§ REQUIRED WORK: The reply should contain all the data below, repeated exactly, and none of the images.

== Segment start ==

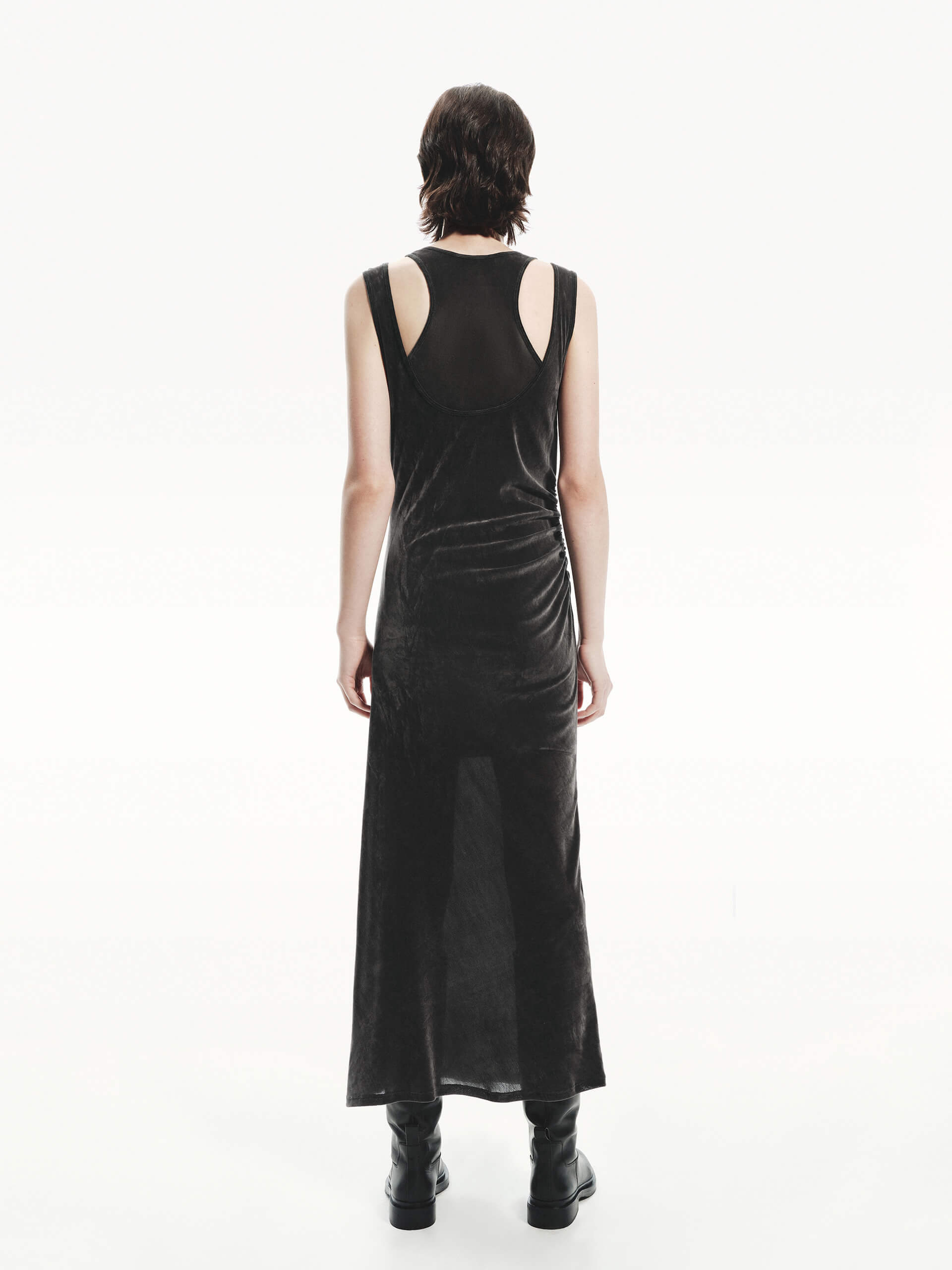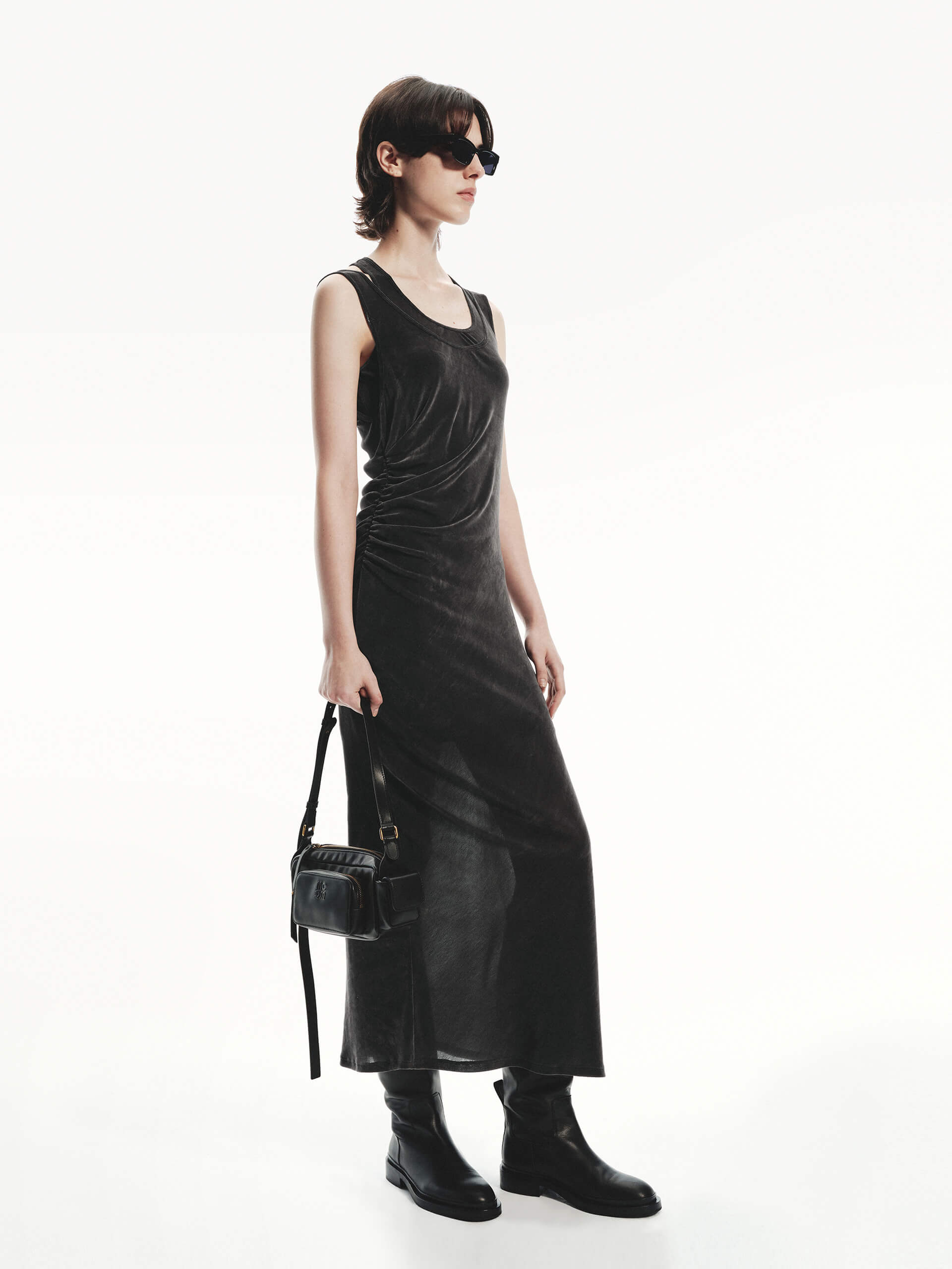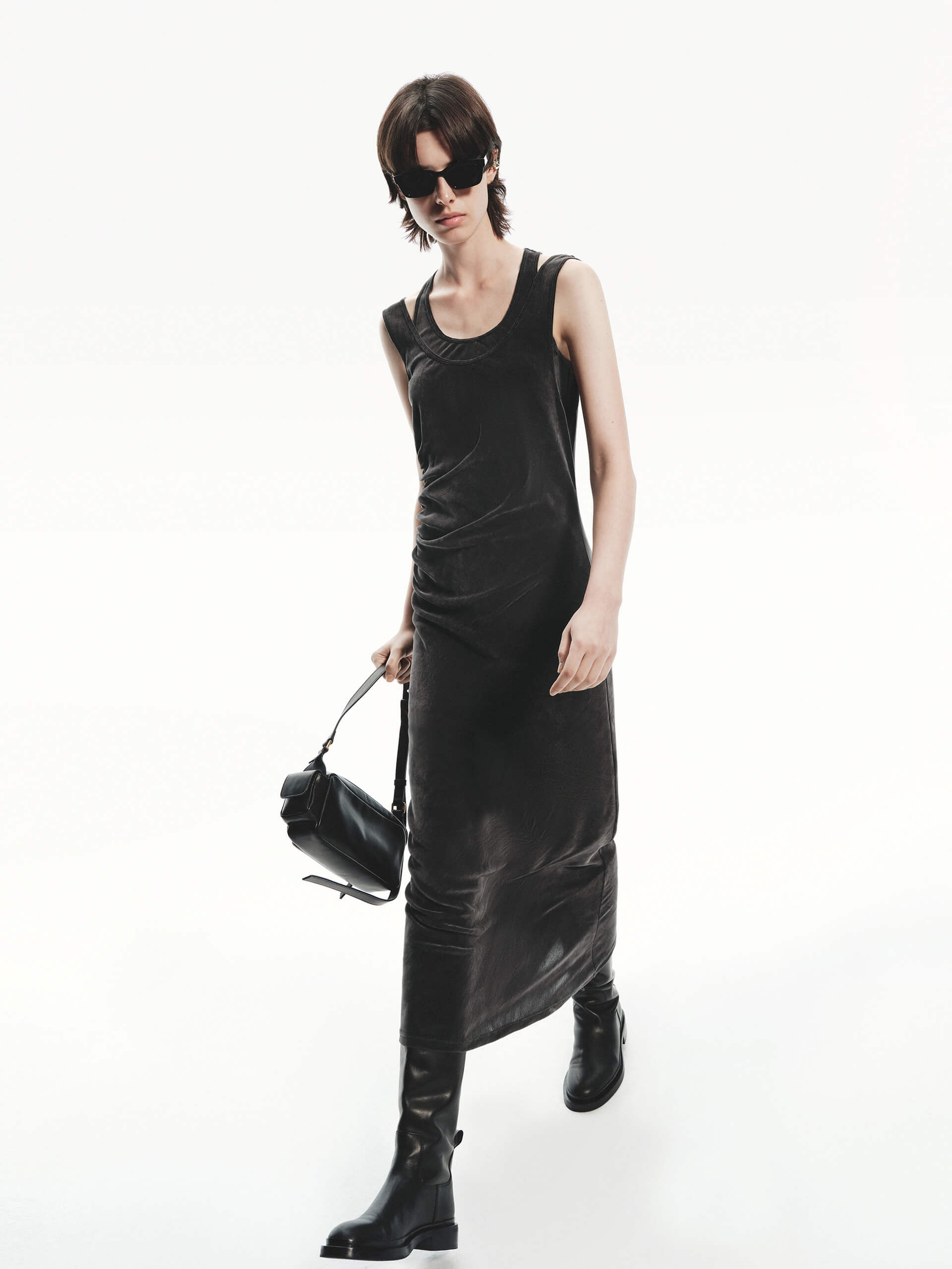 Exude modern elegance in our dress, a sophisticated two-piece set designed for a seamless and chic silhouette. This dress features a sleek slim fit and an elegant midi length that creates a beautifully elongated figure. The flattering U-neck and sleeveless detail highlight the collarbone and shoulders for a refined look. Delicate side pleating adds subtle texture and movement.
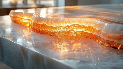 Elegant backlit agate slice showcasing warm amber hues and intricate patterns, perfect for luxury decor and design inspiration.
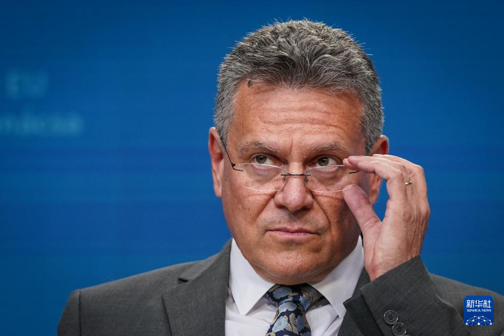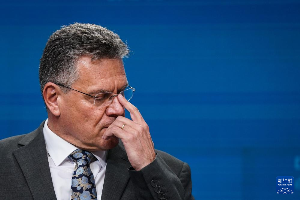 7月14日,在比利时布鲁塞尔,欧盟委员会负责贸易和经济安全等事务的委员谢夫乔维奇出席新闻发布会。
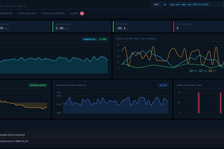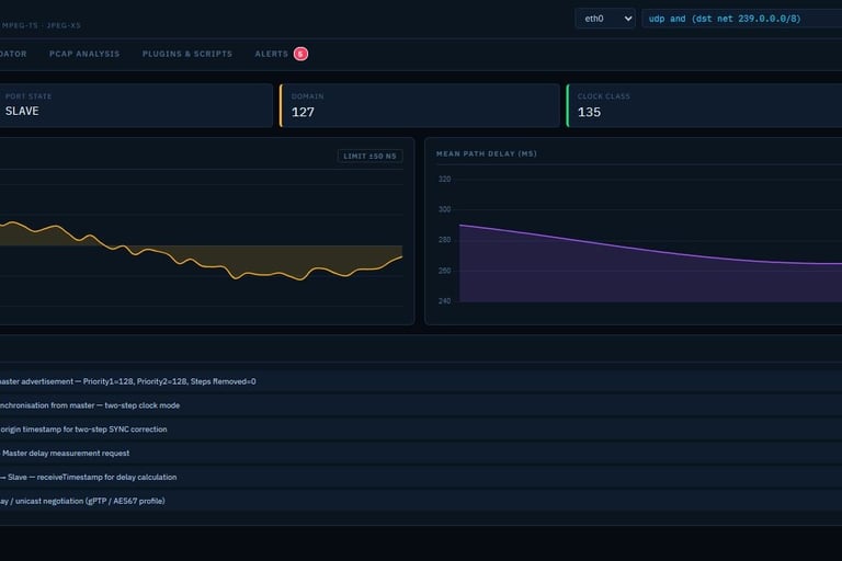 SDP Analysis Parse & validate SDP — checks 2110-20/30/40 parameters, PTP ref, network config
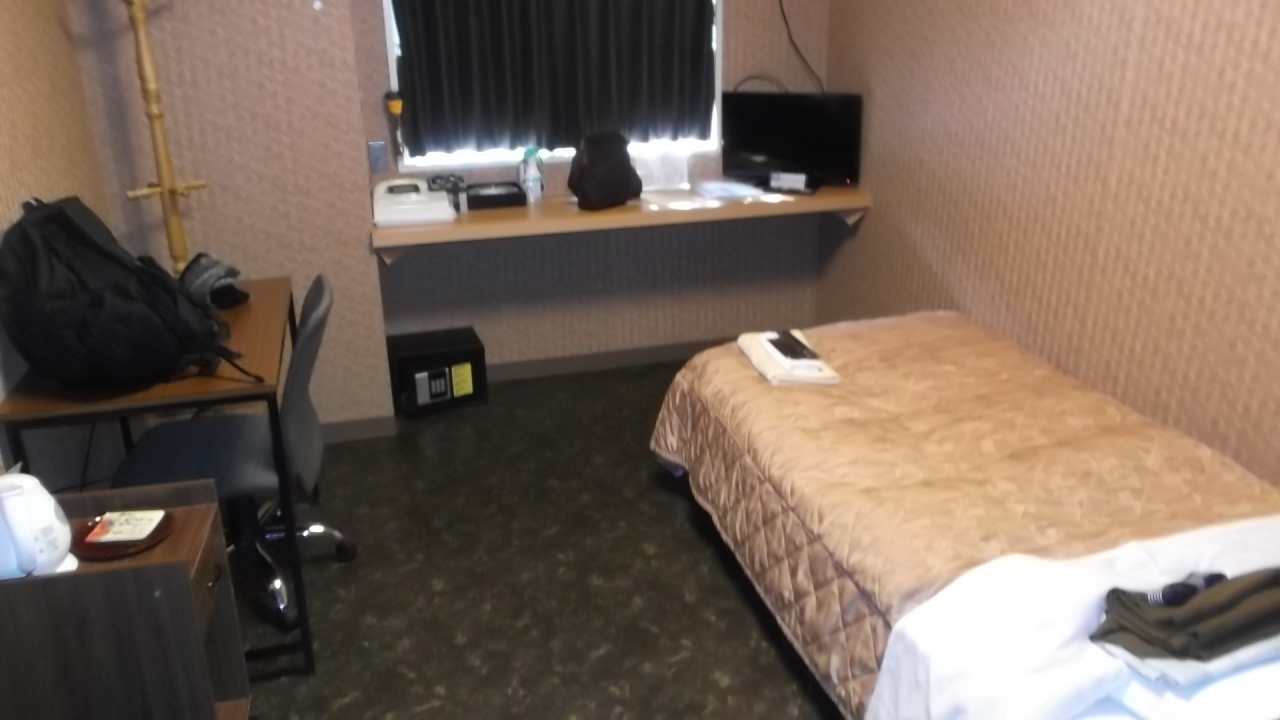 シングル洋室10㎡の部屋、大浴場はジェットバス・サウナ付で旅の疲れを癒してくれました(男性入浴時間18:00~23:30,6:00~9:00)。夕朝ともに入浴できるのは嬉しい。

== Segment end ==

§ SOLUTION TO THE PROBLEM:
 Exude modern elegance in our dress, a sophisticated two-piece set designed for a seamless and chic silhouette. This dress features a sleek slim fit and an elegant midi length that creates a beautifully elongated figure. The flattering U-neck and sleeveless detail highlight the collarbone and shoulders for a refined look. Delicate side pleating adds subtle texture and movement.
 Elegant backlit agate slice showcasing warm amber hues and intricate patterns, perfect for luxury decor and design inspiration.
 7月14日,在比利时布鲁塞尔,欧盟委员会负责贸易和经济安全等事务的委员谢夫乔维奇出席新闻发布会。
 SDP Analysis Parse & validate SDP — checks 2110-20/30/40 parameters, PTP ref, network config
 シングル洋室10㎡の部屋、大浴場はジェットバス・サウナ付で旅の疲れを癒してくれました(男性入浴時間18:00~23:30,6:00~9:00)。夕朝ともに入浴できるのは嬉しい。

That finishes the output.